In one line: skills are knowledge and procedure, MCP brings tools and data, subagents give parallelism and isolation, hooks are enforcement, and plugins package and share all of it. The Claude Agent SDK (Python and TypeScript) exposes the same primitives for building a standalone pipeline.

Tutorial: install the security skills

Everything in this guide is open source and installs from inside Claude Code. The flow is always the same: add a marketplace once, then install the plugins you want. Three steps, end to end.

Add the Trail of Bits marketplace — the security-skills marketplace this whole guide is built around. Paste this into Claude Code (you only do it once):
/plugin marketplace add trailofbits/skills
That registers the marketplace from github.com/trailofbits/skills.
See what is inside it. Open the menu and choose "Browse and install plugins" to scroll all 40-plus skills:
/plugin menu
Install the skills you want by name (table below), then confirm they loaded:
/plugin list

These are the five skills this guide refers to. Click any name to read its source before you install it, then copy the command on the right.

Skill	What it does	Install command
differential-review	Reviews a set of code changes for risky additions, focused on what matters most: authentication, cryptography, value transfer and external calls.	/plugin install differential-review@trailofbits
static-analysis	Lets Claude drive Semgrep and CodeQL and interpret the results for you, instead of reading raw scanner output.	/plugin install static-analysis@trailofbits
semgrep-rule-creator	Helps you write and refine a custom Semgrep rule for a pattern you have just found.	/plugin install semgrep-rule-creator@trailofbits
variant-analysis	Takes one confirmed bug and hunts the codebase for the same mistake elsewhere, where a lot of real risk hides.	/plugin install variant-analysis@trailofbits
mutation-testing	Pressure-tests your test suite by mutating the code, checking the tests actually catch the bug they claim to.	/plugin install mutation-testing@trailofbits

Browse the full set, with source for every plugin, in the trailofbits/skills marketplace.

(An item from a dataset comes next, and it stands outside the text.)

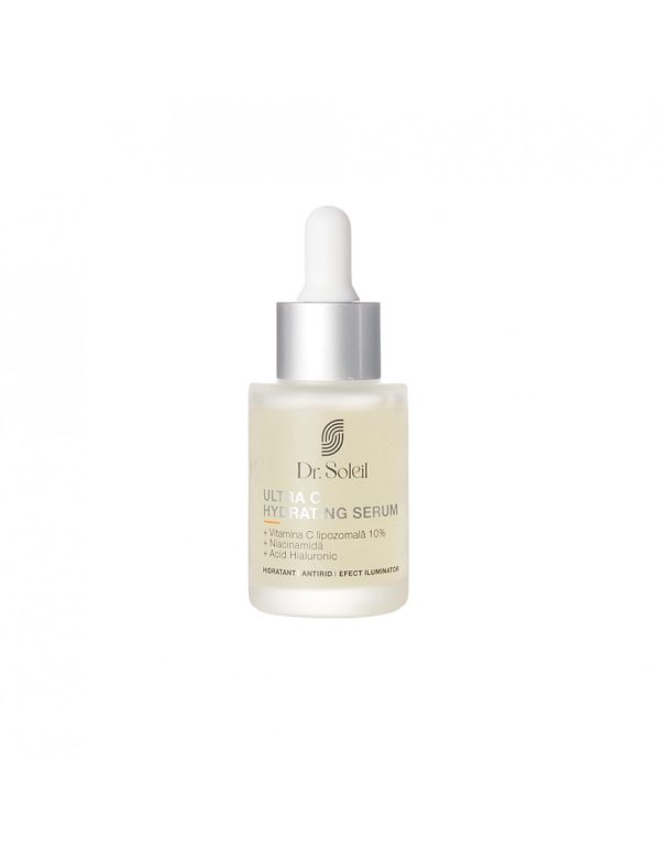Ultra C Hydrating Serum Dr. Soleil este un serum hidratant si revitalizant, formulat cu vitamina C lipozomala 10%, niacinamida si acid hialuronic. Sinergia acestor ingrediente active ofera hidratare intensa, protectie antioxidanta si sustine un ten luminos, uniform si ferm. Potrivit pentru toate tipurile de piele, inclusiv cea sensibila.

Prefer Anthropic's own marketplace?

Claude Code ships with Anthropic's official marketplace already switched on, so there is nothing to add. Browse it two ways:

In the terminal — run /plugin and open the Discover tab.
On the web — the full catalogue is at claude.com/plugins (source for every plugin: anthropics/claude-plugins-official).

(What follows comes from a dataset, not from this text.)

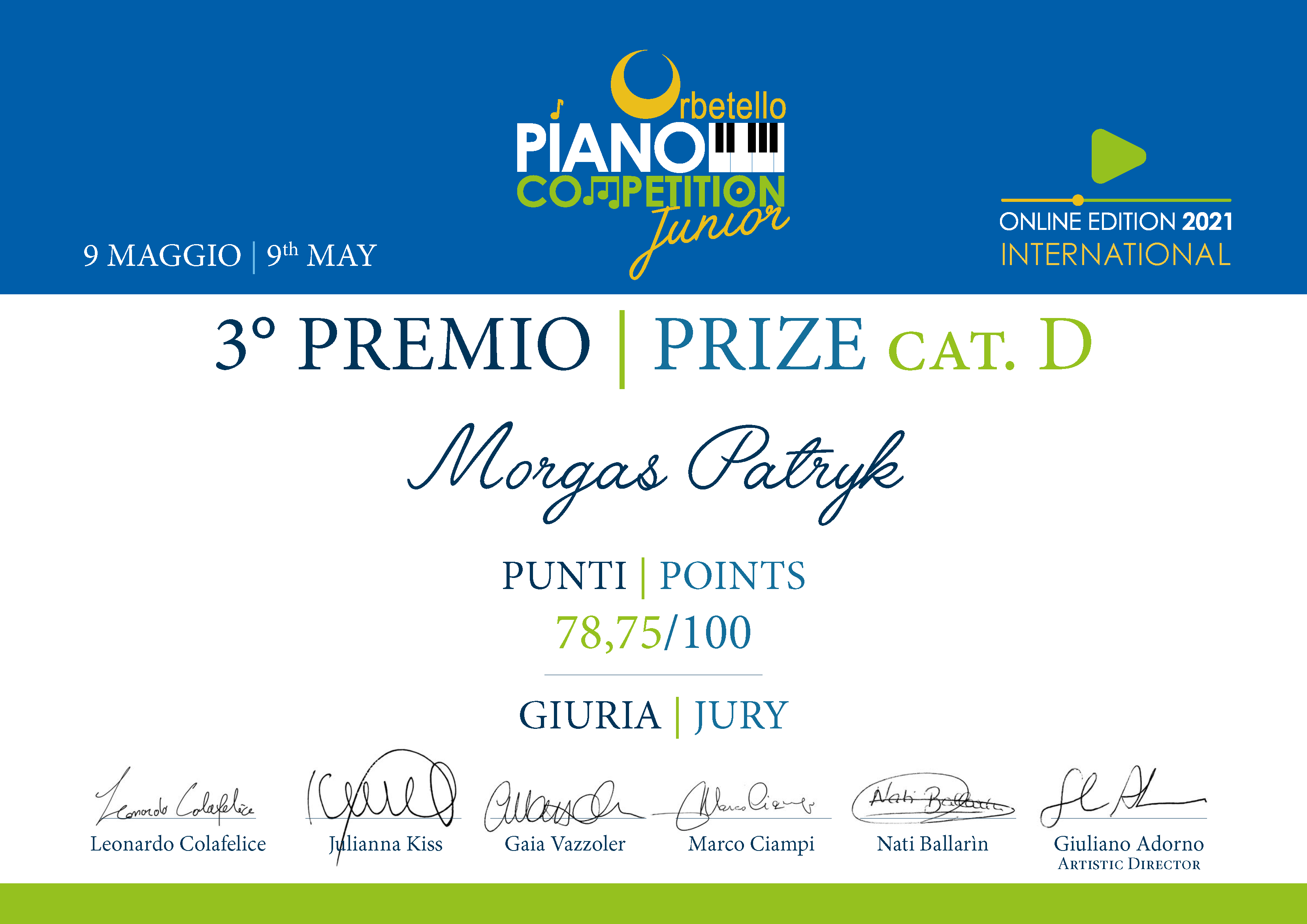 Mikołaj Sikała (III rok studiów III st.) z klasy fortepianu dr hab. Elżbiety Pasierowskiej został laureatem II NAGRODY ex aequo oraz nagrody specjalnej „Young Artist Special Concert Prize” na 24. Międzynarodowym Konkursie Pianistycznym „Mauro Paolo Monopoli Prize” / 24. Concorso Internazionale di Esecuzione pianistica “Premio Mauro Paolo Monopoli” w Barletcie/Włochy (30.09-3.10.2021).

Install anything from it by name:

/plugin install <plugin-name>@claude-plugins-official

One rule before you install anything: a skill is code, and a marketplace is only as trustworthy as its publisher. Open the skill's source and read it first — researchers have demonstrated malicious skills that hide instructions inside their own documentation.

The review workflow, step by step

The teams getting the most out of Claude do not prompt "find all the bugs." They run this loop.

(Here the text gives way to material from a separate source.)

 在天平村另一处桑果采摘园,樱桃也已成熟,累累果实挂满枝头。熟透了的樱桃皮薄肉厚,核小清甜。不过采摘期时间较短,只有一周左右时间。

Scope and authorise. Define what is in bounds, point the agent at the right target, and drop the context it needs (architecture, threat model, prior findings) into a project instruction file so it is not guessing.
Build context before hunting. Have the agent map the codebase, trust boundaries and data flows first. A finding is only as good as the reviewer's grasp of how input reaches the sink.
Fan out in parallel. Use subagents to cover ground at once, one per file, service or vulnerability class (injection, auth, secrets, unsafe deserialisation). Route heavy scanning to a faster, cheaper model.
Verify adversarially. The single most important step. For each candidate finding, spawn an independent agent whose only job is to disprove it. Keep only findings that survive. This is what separates a usable report from a wall of false positives.
Fix, then re-verify the fix. Run a separate check that the patch closes the issue and introduces nothing new. "It changed the code" is not "it fixed the bug."
Keep a human in the loop. Reading and analysis can run freely; writing, deploying, deleting or sending data out should need review.

Illustration of several AI agents reviewing code blocks in parallel while one verifies a flagged finding — The highest-value pattern: many agents review in parallel, then an independent agent tries to disprove each finding before it is reported. Illustration.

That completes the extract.